It's not that the state of North Carolina has been "penny wise and pound foolish." It has been penny foolish and pound foolish.
Today's News & Observer reports that the state might not have the money to operate all the new buildings it has built on university campuses. Anyone who has visited a University of North Carolina campus in the past few years has seen the transformation that has taken place throughout the system. Bolstered by a $3 billion bond issue passed a few years ago and additional capital spending, the university's 16 campuses have been transformed. New buildings have been wedged into seemingly every nook and cranny of the campuses. South Campus at UNC-Chapel Hill has gone from an outlying suburb to a megalopolis in the past couple of decades.

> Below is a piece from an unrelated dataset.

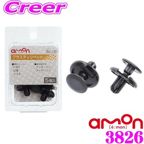 エーモン工業 3826 プラスティリベット(7.0φ黒) トヨタ・日産・スズキ車用 5個入り

Construction at Appalachian State has overwhelmed sleepy little Boone. N.C. State has created a whole new university at the Centennial Campus. And these are just three examples.
Now, it seems, the state can't find the money to use the new buildings that are coming on line. Not only is the state saddled with debt, it is saddled with operating costs it either did not anticipate or assumed economic growth would cover. Wake up! The economy isn't growing; it's shrinking, and so is state tax revenue.
More conservative budgeting would have anticipated operational costs and would have been more cautious about capital expenditures. Revenue streams change. When the state commits to debt for the next 10 or 20 years, it is gambling, and while some gambling might be advisable (we all gamble on our home mortgages), caution should be the watchword. Don't borrow more than you can afford to pay back in a worst case (or at least bad-case) scenario.
The state may have little choice but to raise taxes or fees in a bad economy or to mothball these expensive buildings, gaining no return on our investment, until state revenues revive. And we don't know when that might be.